2.1. Integration of Gymnasium Interface with ROS 2 and Gazebo

To bridge the gap between the RL algorithms and the robotic simulation, we developed a custom Gymnasium environment that interfaces with ROS 2 and Gazebo. We defined a Gym.Env subclass that encapsulates the observation and action spaces corresponding to the robot’s sensor inputs and control commands. Within this environment, ROS 2 publishers and subscribers were developed to send control commands to the robot and receive sensor data back via the Gymnasium environment functions.

We implemented Gazebo and ROS 2 services for managing dynamic obstacles and resetting the simulation environment between agent episodes. To maintain consistency during training episodes, we ensured time synchronization between the Gym environment and the Gazebo simulation.
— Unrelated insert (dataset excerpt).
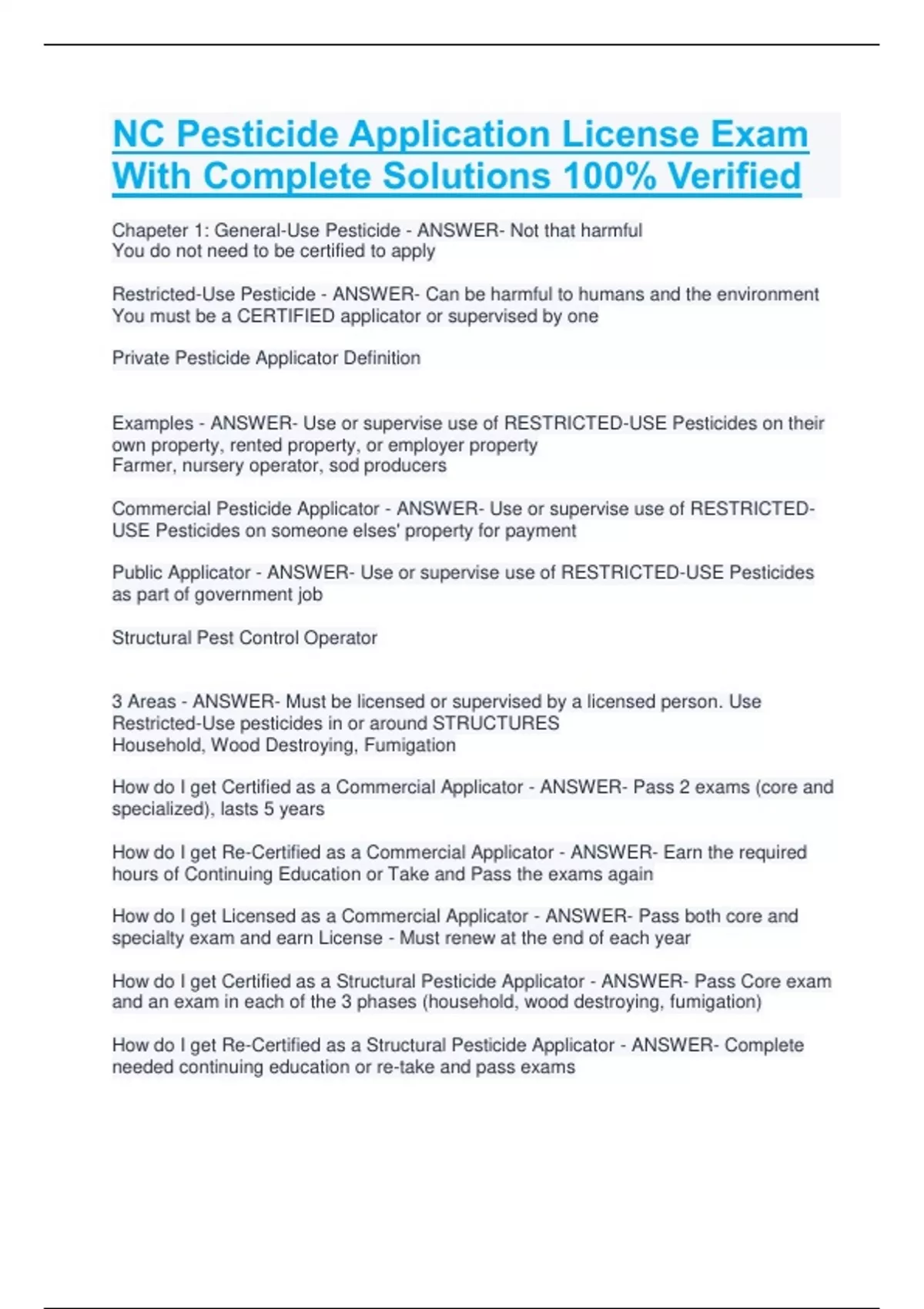 NC Pesticide Application License Exam With Complete Solutions 100% Verified Chapeter 1: General-Use Pesticide - ANSWER- Not that harmful You do not need to be certified to apply Restricted-Use Pesticide - ANSWER- Can be harmful to humans and the environment You must be a CERTIFIED applicator or supervised by one Private Pesticide Applicator Definition Examples - ANSWER- Use or supervise use of RESTRICTED-USE Pesticides on their own property, rented property, or employer property Farmer, nursery operator, sod producers Commercial Pesticide Applicator - ANSWER- Use or supervise use of RESTRICTED-USE Pesticides on someone elses' property for payment Public Applicator - ANSWER- Use or supervise use of RESTRICTED-USE Pesticides as part of government job Structural Pest Control Operator 3 Areas - ANSWER- Must be licensed or supervised by a licensed person. Use Restricted-Use pesticides in or around STRUCTURES Household, Wood Destroying, Fumigation How do I get Certified as a Commercial Applicator - ANSWER- Pass 2 exams (core and specialized), lasts 5 years How do I get Re-Certified as a Commercial Applicator - ANSWER- Earn the required hours of Continuing Education or Take and Pass the exams again How do I get Licensed as a Commercial Applicator - ANSWER- Pass both core and specialty exam and earn License - Must renew at the end of each year How do I get Certified as a Structural Pesticide Applicator - ANSWER- Pass Core exam and an exam in each of the 3 phases (household, wood destroying, fumigation) How do I get Re-Certified as a Structural Pesticide Applicator - ANSWER- Complete needed continuing education or re-take and pass exams How do I get Licensed as a Structural Pesticide Applicator - ANSWER- Be certified in the area, have 2 year's of experience How long does a Structural Pest Control License last? - ANSWER- 5 years What are the Categories of Licensing for Certification as a Commercial Applicator - ANSWER- Registered Technician Non-Commercial Certified Applicator Commercial Certified Applicator License Can Structural Pest Control Applicators Work for Hire on their own? - ANSWER- They have to work for a licensed pest control company Chapter 2: Federal Insecticide, Fungicide, and Rodenticide (FIFRA) Act - ANSWER- Ruled by the Environmental Protection Agency (EPA) Register products based on possible effects to people and the environment What is important about a Pesticide Label - ANSWER- People who don't follow it are BREAKING THE LAW What does the EPA do? - ANSWER- Re-evaluate older pesticides Review every pesticide on a 15 year cycle Establish safety rules for workers What can STATES do to regulate pesticides? - ANSWER- They must follow EPA guidelines at a minimum They can make even harder guidelines Is there a special ACT that relates to food and feed products? - ANSWER- Federal Food, Drug, and Cosmetic Act established tolerance levels for food - how much residue of a pesticide is allowed

This integration enables the RL agent to interact with the simulated robot in near real time, receiving sensor observations and sending control actions within each simulation step.

2.2. Robot Platforms

As shown in Figure 3, we included models of three off-road robots:

FictionLab Leo Rover: A research-focused four-wheel-drive robot with differential steering and rocker articulating suspension.
Rover Robotics Rover Zero: An all-terrain four-wheel-drive robot with differential steering and configurable chassis.
HyperDog: An open-source quadruped robot featuring 12 degrees of freedom and inexpensive 3D-printed parts.

Each robot model includes realistic physical properties, sensor configurations (e.g., LiDAR, cameras, IMUs), and control interfaces compatible with ROS 2. The robot models were integrated into Gazebo with accurate collision meshes and inertia parameters to simulate realistic dynamics.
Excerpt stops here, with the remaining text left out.